This framework helped Calvin to draw finer distinctions about human freedom. By sin, humankind is deprived of the last two kinds of freedom and can no longer choose what is right but only that which is evil. Freedom as it is contained in the first category, however, is necessarily implied in being human. Despite sin, human beings have this freedom, which is not destroyed by sin (Calvin [1559] 1863:227). Human will as will is saved, but its condition is pitiable. As Calvin (ibid) puts it:

In this will, then, man is said to have free will, not because he has a free choice between good and evil, but because he acts voluntarily, and not by compulsion. This is perfectly true: but why should so small a matter have been dignified by such proud a title? (p. 229)

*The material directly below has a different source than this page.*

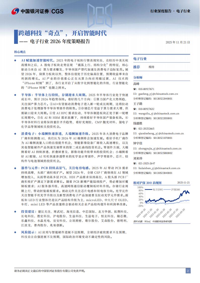 ● AI赋能加速智能时代。2025年的电子板块行情表现突出,在经历中美关税
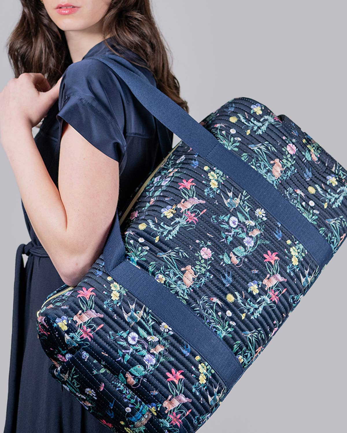 Get ready to elevate your weekend travel game with the Running Bunny Weekend Bag, a stunning accessory that combines functionality with whimsical style. The exclusive Running Bunny wildlife print features an enchanting array of playful critters set against a rich backdrop, while the roomy central compartment is designed to hold all your getaway essentials, from cozy sweaters to your favorite books. Perfectly sized for quick weekend getaways or daily commutes, the Running Bunny Weekender is the ideal travel companion for the modern jet-setter or busy professional. This weekender also offers a range of coordinating accessories, including cosmetic bags and a travel jewelry box, all adorned in the same eye-catching print. This creates a cohesive and stylish travel set that’s sure to have you hopping with joy every time you hit the road. Outer: 100% Polyester; Lining: 100% Polyester Approx. 50 (L) x 26.5 (H) x 21 (D) cm Wipe clean with a damp cloth

We can conclude that Calvin acknowledged the freedom of the will as an essential characteristic of humanity but that this human instrument misses moral uprightness. The human will therefore necessarily sins because it is built on sin. Accordingly, human beings sin willingly and not by compulsion. Therefore, the human will is free to the extent that it always freely chooses to do evil instead of good. Humans remain, even after the fall, created in the image of God, but this image is, according to Calvin, corrupted and in need of conversion.

God's providence

From the above it is clear that humankind, as created by God, is free. The human will is free due to its creation in the image of God. At the same time, it is not free due to its sinful state. This means that the will is free to do what it wants, but it always chooses to do evil. However, how can this view of free will be combined with the doctrine of divine providence? Luther ([1525] 1990:80), for example, argues that ‘… this bombshell [divine providence] knocks “free will” flat, and utterly shatters it’.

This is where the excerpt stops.